给你二叉树的根节点 root 和一个表示目标和的整数 targetSum 。判断该树中是否存在 根节点到叶子节点 的路径,这条路径上所有节点值相加等于目标和 targetSum 。如果存在,返回 true ;否则,返回 false 。

叶子节点 是指没有子节点的节点。

示例 1:

Golang每日一练(leetDay0038) 二叉树专题(7)_第1张图片

输入:root = [5,4,8,11,null,13,4,7,2,null,null,null,1], targetSum = 22
输出:true
解释:等于目标和的根节点到叶节点路径如上图所示。

示例 2:

Golang每日一练(leetDay0038) 二叉树专题(7)_第2张图片

输入:root = [1,2,3], targetSum = 5
输出:false
解释:树中存在两条根节点到叶子节点的路径:
(1 --> 2): 和为 3
(1 --> 3): 和为 4
不存在 sum = 5 的根节点到叶子节点的路径。

示例 3:

输入:root = [], targetSum = 0
输出:false
解释:由于树是空的,所以不存在根节点到叶子节点的路径。

提示:

  • 树中节点的数目在范围 [0, 5000] 内
  • -1000 <= Node.val <= 1000
  • -1000 <= targetSum <= 1000

代码:

package main

import (
	"fmt"
)

const null = -1 << 31

type TreeNode struct {
	Val   int
	Left  *TreeNode
	Right *TreeNode
}

func hasPathSum(root *TreeNode, targetSum int) bool {
	sum := func(arr []int) int {
		res := 0
		for i := 0; i < len(arr); i++ {
			res += arr[i]
		}
		return res
	}
	for _, path := range binaryTreePaths(root) {
		if sum(path) == targetSum {
			return true
		}
	}
	return false
}

func binaryTreePaths(root *TreeNode) [][]int {
	res := [][]int{}
	if root == nil {
		return res
	}
	if root.Left == nil && root.Right == nil {
		return [][]int{{root.Val}}
	}
	leftPaths := binaryTreePaths(root.Left)
	rightPaths := binaryTreePaths(root.Right)

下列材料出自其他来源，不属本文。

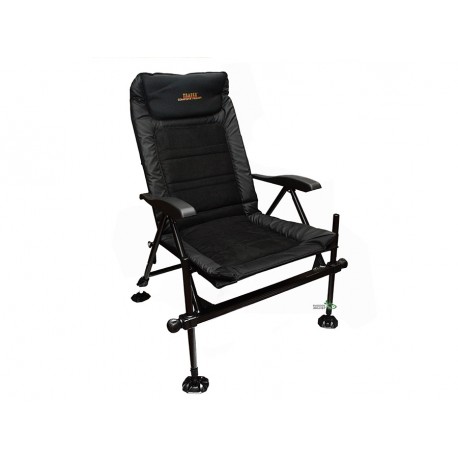 Traper Comfort Feeder Chair 81273 - качественное комфортабельное кресло, рекомендуемое как для ловли рыбы с дамбы, так и для типичных береговых условий рыбалки. Имеет прочный металлический каркас, удобные подлокотники, поверхность из износостойкого полиэстера с мягкой вставкой.

	paths := make([][]int, 0)
	for _, path := range leftPaths {
		paths = append(paths, append([]int{root.Val}, path...))
	}
	for _, path := range rightPaths {
		paths = append(paths, append([]int{root.Val}, path...))
	}
	return paths
}

func buildTree(nums []int) *TreeNode {
	if len(nums) == 0 {
		return nil
	}
	root := &TreeNode{Val: nums[0]}
	Queue := []*TreeNode{root}
	idx := 1
	for idx < len(nums) {
		node := Queue[0]
		Queue = Queue[1:]
		if nums[idx] != null {
			node.Left = &TreeNode{Val: nums[idx]}
			Queue = append(Queue, node.Left)
		}
		idx++
		if idx < len(nums) && nums[idx] != null {
			node.Right = &TreeNode{Val: nums[idx]}
			Queue = append(Queue, node.Right)
		}
		idx++
	}
	return root
}

func main() {
	nums := []int{5, 4, 8, 11, null, 13, 4, 7, 2, null, null, 5, 1}
	root := buildTree(nums)
	fmt.Println(hasPathSum(root, 22))
	nums2 := []int{1, 2, 3}
	root = buildTree(nums2)
	fmt.Println(hasPathSum(root, 5))
	nums3 := []int{}
	root = buildTree(nums3)
	fmt.Println(hasPathSum(root, 0))
}

输出:

true
false
false


113. 路径总和 II Path Sum II

给你二叉树的根节点 root 和一个整数目标和 targetSum ,找出所有 从根节点到叶子节点 路径总和等于给定目标和的路径。

叶子节点 是指没有子节点的节点。

示例 1:

Golang每日一练(leetDay0038) 二叉树专题(7)_第3张图片

输入:root = [5,4,8,11,null,13,4,7,2,null,null,5,1], targetSum = 22
输出:[[5,4,11,2],[5,8,4,5]]

示例 2:

Golang每日一练(leetDay0038) 二叉树专题(7)_第4张图片

输入:root = [1,2,3], targetSum = 5
输出:[]

示例 3:

输入:root = [1,2], targetSum = 0
输出:[]

提示:

  • 树中节点总数在范围 [0, 5000] 内
  • -1000 <= Node.val <= 1000
  • -1000 <= targetSum <= 1000

代码1:

package main

import (
	"fmt"
)

const null = -1 << 31

type TreeNode struct {
	Val   int
	Left  *TreeNode
	Right *TreeNode
}

func pathSum(root *TreeNode, targetSum int) [][]int {
	res := [][]int{}
	sum := func(arr []int) int {
		res := 0
		for i := 0; i < len(arr); i++ {
			res += arr[i]
		}
		return res
	}
	for _, path := range binaryTreePaths(root) {
		if sum(path) == targetSum {
			res = append(res, append([]int{}, path...))
		}
	}
	return res
}

func binaryTreePaths(root *TreeNode) [][]int {
	res := [][]int{}
	if root == nil {
		return res
	}
	if root.Left == nil && root.Right == nil {
		return [][]int{{root.Val}}
	}
	leftPaths := binaryTreePaths(root.Left)
	rightPaths := binaryTreePaths(root.Right)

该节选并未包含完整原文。